苦肽（Bitter peptides, BPs）是由食物中的蛋白质水解而成，通过影响味觉和参与多种生理过程，在食品科学和生物医学中发挥着重要作用。准确识别bp对于了解食品质量和潜在的健康影响至关重要。BP识别的传统机器学习方法依赖于传统的特征描述符，取得了中等程度的成功，但在生物序列数据的复杂性方面存在困难。利用蛋白质语言模型嵌入和元学习方法的最新进展提高了准确性，但经常忽略肽的分子表示和缺乏可解释性。在这项研究中，我们提出了一种新的多模态和可解释的BP识别框架xBitterT5，它将来自BioT5+的预训练变压器嵌入与肽序列及其自定义分子表示相结合。具体来说，结合肽序列及其分子链，xBitterT5在相同的基准数据集上比以前的方法表现出更优越的性能。重要的是，该模型提供了残留水平的可解释性，突出了化学上有意义的子结构，这些子结构对其苦味有重要贡献，从而提供了超越黑箱预测的机制见解。一个用户友好的web服务器（https://balalab-skku.org/xBitterT5/）和一个独立的版本（https://github.com/cbbl-skku-org/xBitterT5/）是免费的，以支持计算生物学家和实验研究人员在肽类食品和生物医学。

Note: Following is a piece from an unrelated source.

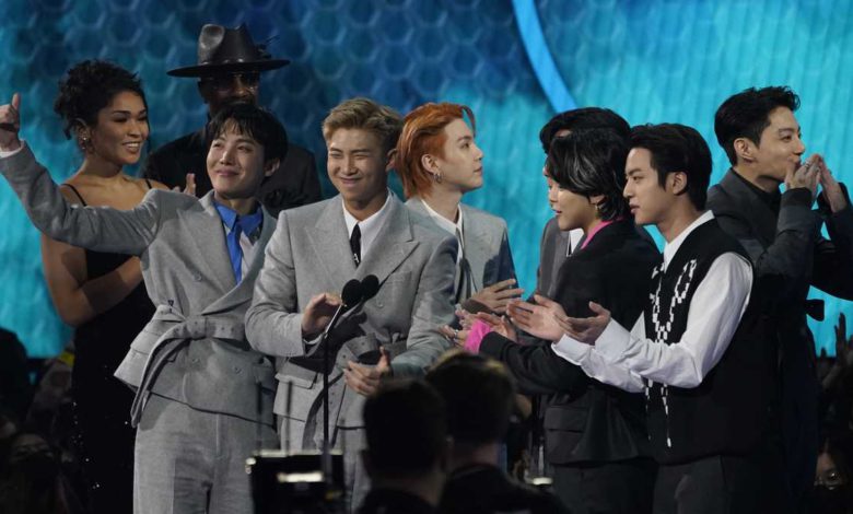 South Korean superstars BTS were crowned artist of the year at the American Music Awards on Sunday, brushing aside challenges from Taylor Swift, Drake and The Weeknd as they took home a total of three awards and teamed up with Coldplay for a raucous "My Universe" and closed the show with "Butter.""Seven boys from Korea, united by love for music, met the love and support from all the armies all over the world," said BTS' RM after the group won their artist of the year for the first time. "This whole thing is a miracle. Seriously, we would never take this for granted." The band was also named favorite pop duo or group and got the favorite pop song award for "Butter." The show celebrated the best popular music for a second pandemic year with a mix of live and pre-taped performances. Silk Sonic's Bruno Mars and Anderson .Paak kicked off the awards on a funky, R&B and pre-taped note with their "Smokin Out the Window" and Jennifer Lopez pre-taped her "On My Way" from her upcoming romantic comedy "Marry Me."An earlier scheduled performance of "Butter" by BTS and Megan Thee Stallion was scrapped after the rapper cited personal reasons for dropping out Saturday. She turned out to be a big winner: named favorite female hip-hop artist, her "Good News" winning for favorite hip-hop album and her "Body" was crowned favorite trending song, a new award this year.Olivia Rodrigo came into the night with a leading seven nominations but only took home the crown for favorite new artist of the year. "Writing songs is my favorite thing in the whole world and I am so grateful for everyone who has embraced my music," she said.Rodrigo lost favorite pop album to Taylor Swift's "evermore." In a taped speech, Swift told her fans: "I'm so lucky to be in your life." Swift also won for favorite female pop artist, giving her a career total of 34, the record for the most awarded artist in AMA history.Rodrigo performed her hit "traitor" live on a stage covered with flowers and Carrie Underwood and Jason Aldean brought a little country to the stage when they sang their pre-taped duet "If I Didn't Love You." With a little help from Julieta Venegas and Tainy, Bad Bunny performed their hit "Lo Siento BB :/." Among live performances, Italian band Måneskin made their U.S. awards show debut with their viral hit "Beggin.'" Chlöe of Chloe x Halle floated down onto the stage to perform her hit debut single as a soloist "Have Mercy," swinging her hair and twerking. Mickey Guyton got loud cheers while singing her patriotic song "All American" in a silvery dress, periodically screaming out "How y'all doing?" The fan-voted awards show aired live from Los Angeles on ABC. Nominees were based on streaming, album and digital sales, radio airplay and social activity, and reflect the time period of Sept. 25, 2020, through Sept. 23, 2021.Becky G won for favorite female Latin artists and thanked the Latinx community. "You are not alone," she said. "We are the American dream."Machine Gun Kelly grabbed the favorite rock artist award. "I want to accept this for all the aspiring musicians, the one who desires to play an instrument, wants to rap, wants to sing — not just the rock artists, but all the artists," he said.Earlier Sunday, in awards announced before the show, Swift was named favorite female pop artist, Ed Sheeran got the favorite male award and Doja Cat featuring SZA on "Kiss Me More" was named collaboration of the year. Kanye West was named favorite gospel artist.Underwood won for favorite inspirational artist and favorite female country artist and Doja Cat also won two other awards: favorite female R&B artist and her "Planet Her" was named favorite R&B album.Luke Bryan was named favorite country artist and Bad Bunny was the favorite male Latin artist. The Weeknd was crowned favorite male R&B artist and Drake won the favorite male hip-hop artist. Gabby Barrett took home the favorite country album for "Goldmine" and favorite country song for "The Good Ones."For the older viewers, New Edition and New Kids on the Block performed together. The Boston-based groups took turns with the hits, trading hits: "You Got It (The Right Stuff"), "Candy Girl," "Step By Step," "Mr. Telephone Man" and uniting for "Can You Stand the Rain," "Is This the End," "Hangin' Tough" and "If It Isn't Love."The favorite Latin album went to Bad Bunny's "El Último Tour Del Mundo." Host Cardi B, wearing a constant stream of new outfits, revved up the crowd. Later her song "Up" was named favorite hip-hop song. The Associated Press was not able to transmit images of Cardi B while she was onstage because her representatives required approval, a restriction the AP would not accept.
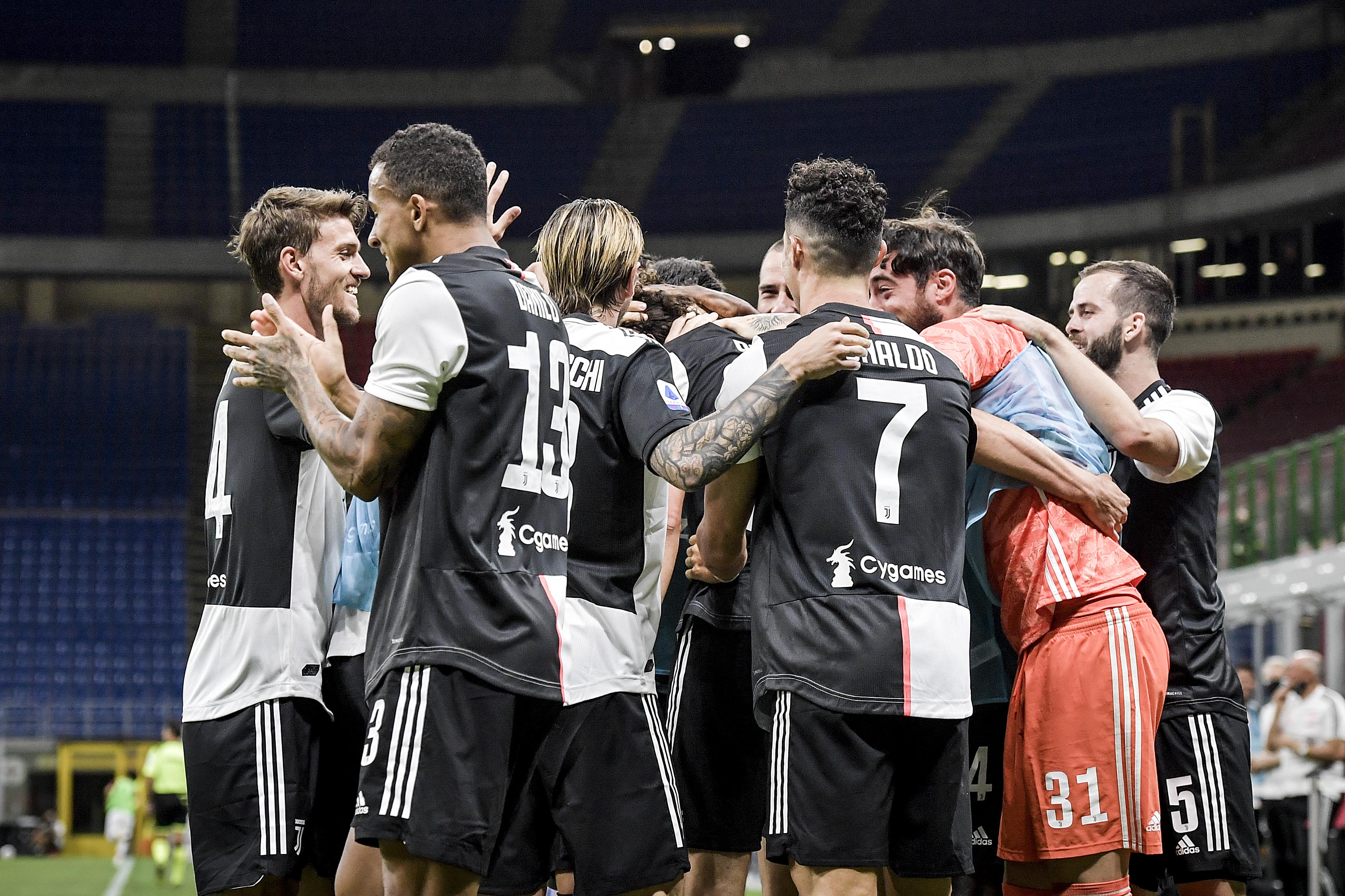 MILAN, ITALY - JULY 07: Juventus player Adrien Rabiot celebrates 0-1 goal during the Serie A match between AC Milan and Juventus at Stadio Giuseppe Meazza on July 07, 2020 in Milan, Italy. (Photo by Daniele Badolato - Juventus FC/Juventus FC via Getty Images)

本文章由计算机程序翻译，如有差异，请以英文原文为准。

求助全文

约1分钟内获得全文求助全文

来源期刊

Journal of Cheminformatics CHEMISTRY, MULTIDISCIPLINARY-COMPUTER SCIENCE, INFORMATION SYSTEMS

CiteScore

14.10

自引率

7.00%

发文量

审稿时长

3 months

期刊介绍： Journal of Cheminformatics is an open access journal publishing original peer-reviewed research in all aspects of cheminformatics and molecular modelling. Coverage includes, but is not limited to: chemical information systems, software and databases, and molecular modelling, chemical structure representations and their use in structure, substructure, and similarity searching of chemical substance and chemical reaction databases, computer and molecular graphics, computer-aided molecular design, expert systems, QSAR, and data mining techniques.